### Task directions
Would you restate, word for word, only the lines starting at the one with "Resources Background materials" and ending with the final line of the entries below? Pictures stay out.

### Source information
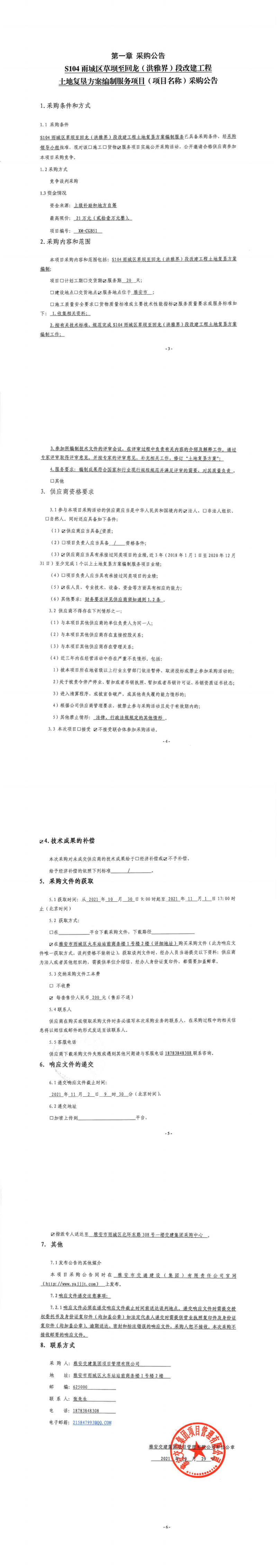 大红鹰dhy(中国)集团项目管理有限公司S104雨城区草坝至回龙(洪雅界)段改建工程土地复垦方案编制服务项目采购公告
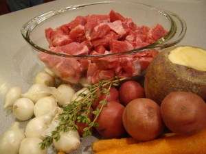 After a quick dinner out, we stopped at the grocery store near my house (different chain) to get a new round of lamb. I can tell you there was quite a bit of sniffing the plastic before going to the register. At home, I still wanted to make this before bedtime as there’s no way I’d have enough time after work later in the week, so I set to it, with my helper Howard chopping vegetables while I boned the lamb shoulder chops for the stew.
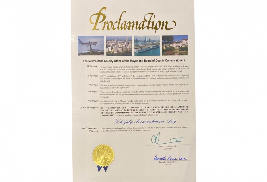 ABŞ-ın Mayami-Deyd dairəsində 26 fevral 2023-cü il tarixi Xocalının Anım Günü kimi elan edilib.
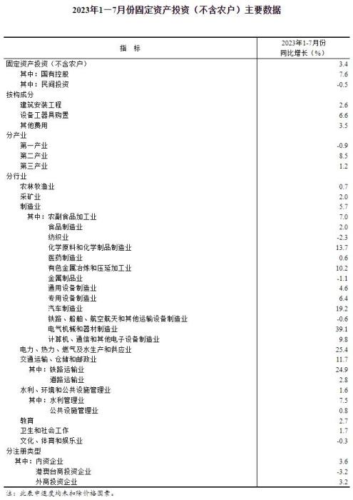 國家統(tǒng)計(jì)局:1—7月份全國固定資產(chǎn)投資增長3.4%
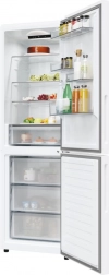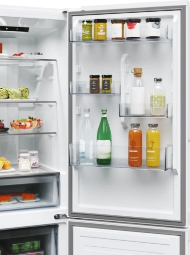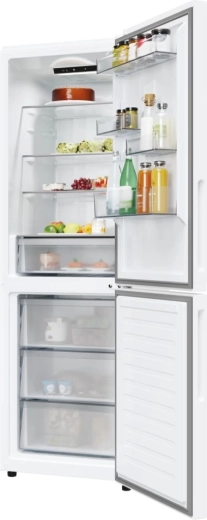 Deze vrijstaande koel-vriescombinatie met de vriezer onder combineert een strak, minimalistisch design met een doordachte interne indeling. Transparante boxen en verstelbare leggers maken het eenvoudig om drankjes, fruit, groenten en kant-en-klaarmaaltijden overzichtelijk op te bergen, terwijl het heldere LED-licht voor perfecte zichtbaarheid tot in elke hoek zorgt.
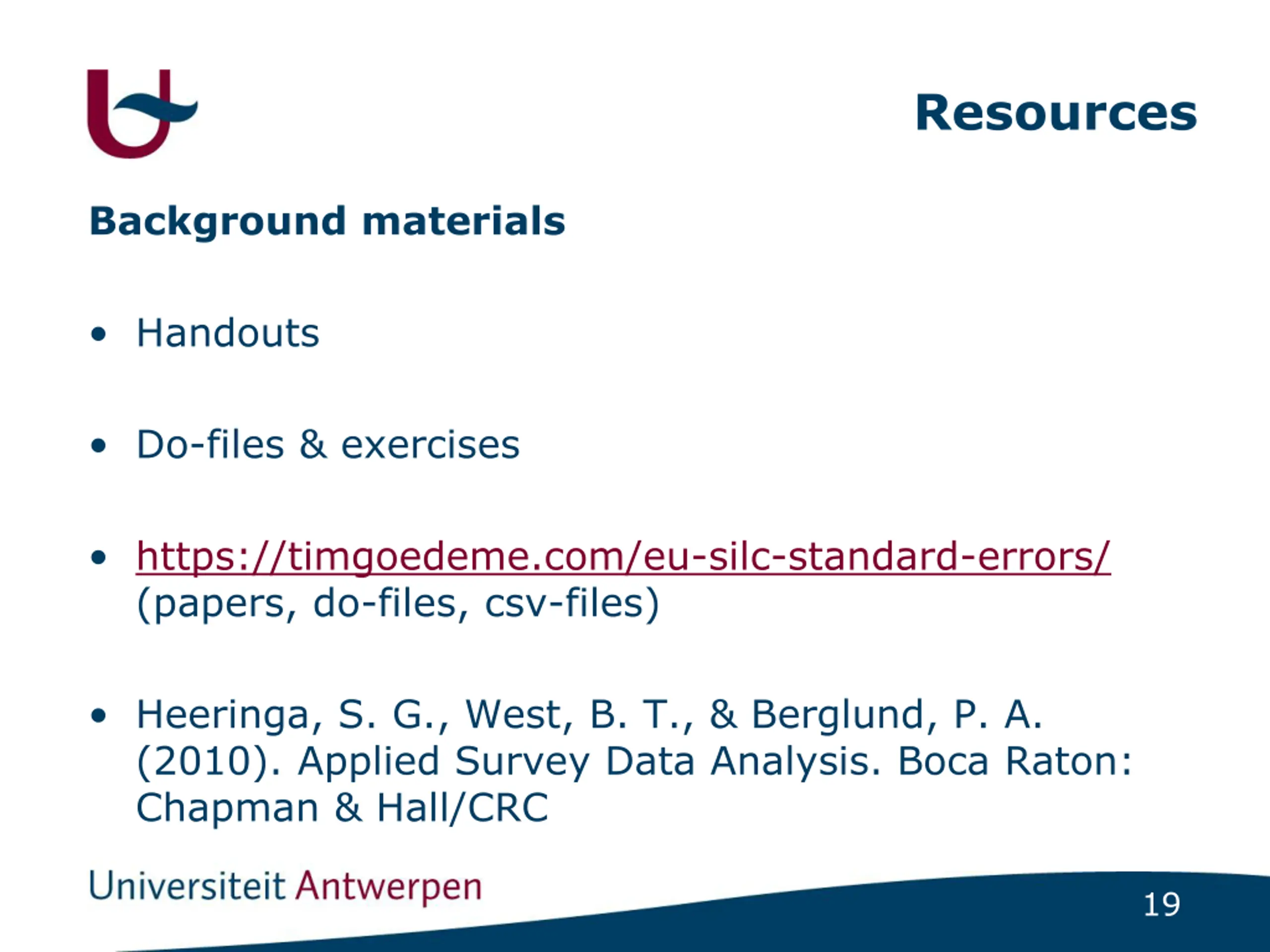 Resources Background materials Handouts Do-files & exercises https://timgoedeme.com/eu-silc-standard-errors/ (papers, do-files, csv-files) Heeringa, S. G., West, B. T., & Berglund, P. A. (2010). Applied Survey Data Analysis. Boca Raton: Chapman & Hall/CRC 19
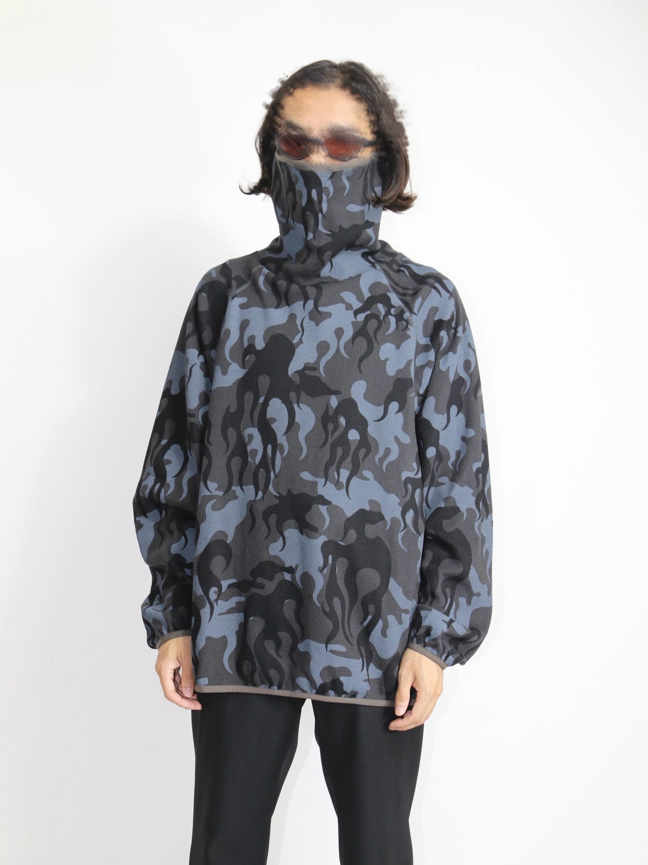 ファイヤーパターンをモチーフにオリジナルカモのテキスタイルでサーマル生地を作りました。Offはワンウォッシュ。Shadowは後染めの仕様です。アウトドアギアをモチーフにタートルネック部分にはイヤーフラップを設け商品名の通りマスクとしても着用して頂けます。
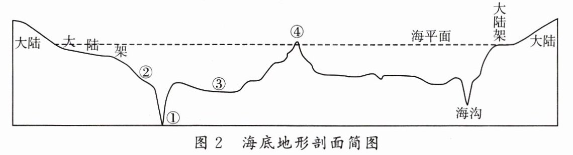(3)读图2,请在图中写出序号所表示的海底地形名称。材料二中提到的海底“山脉”“峡谷”和“平原”分别对应图中的______、______、______(写序号)。
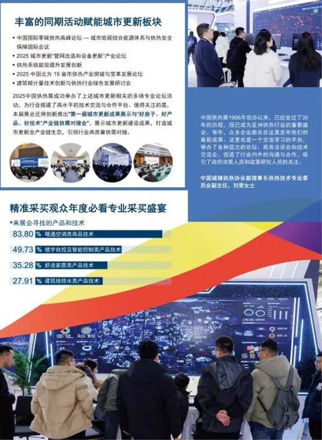 其中,“城市更新”板块作为本届展会的重要引擎,由法兰克福展览(上海)有限公司、中展智奥(北京)国际展览有限公司联合中国房地产业协会城市更新分会、深圳市城市更新协会共同策划招展。板块精准聚焦老旧管网改造、清洁热源替代、智慧化升级三大核心方向,以技术创新为驱动,搭建“前沿技术展示+创新解决方案交流+标杆案例分享”的一体化平台,为城市建设领域转型升级提供全链条、多维度的系统性支持,助力暖通企业精准对接“城市更新及市政管网改造”“以旧换新”等核心增量市场。

### Problem solution
 Resources Background materials Handouts Do-files & exercises https://timgoedeme.com/eu-silc-standard-errors/ (papers, do-files, csv-files) Heeringa, S. G., West, B. T., & Berglund, P. A. (2010). Applied Survey Data Analysis. Boca Raton: Chapman & Hall/CRC 19
 ファイヤーパターンをモチーフにオリジナルカモのテキスタイルでサーマル生地を作りました。Offはワンウォッシュ。Shadowは後染めの仕様です。アウトドアギアをモチーフにタートルネック部分にはイヤーフラップを設け商品名の通りマスクとしても着用して頂けます。
(3)读图2,请在图中写出序号所表示的海底地形名称。材料二中提到的海底“山脉”“峡谷”和“平原”分别对应图中的______、______、______(写序号)。
 其中,“城市更新”板块作为本届展会的重要引擎,由法兰克福展览(上海)有限公司、中展智奥(北京)国际展览有限公司联合中国房地产业协会城市更新分会、深圳市城市更新协会共同策划招展。板块精准聚焦老旧管网改造、清洁热源替代、智慧化升级三大核心方向,以技术创新为驱动,搭建“前沿技术展示+创新解决方案交流+标杆案例分享”的一体化平台,为城市建设领域转型升级提供全链条、多维度的系统性支持,助力暖通企业精准对接“城市更新及市政管网改造”“以旧换新”等核心增量市场。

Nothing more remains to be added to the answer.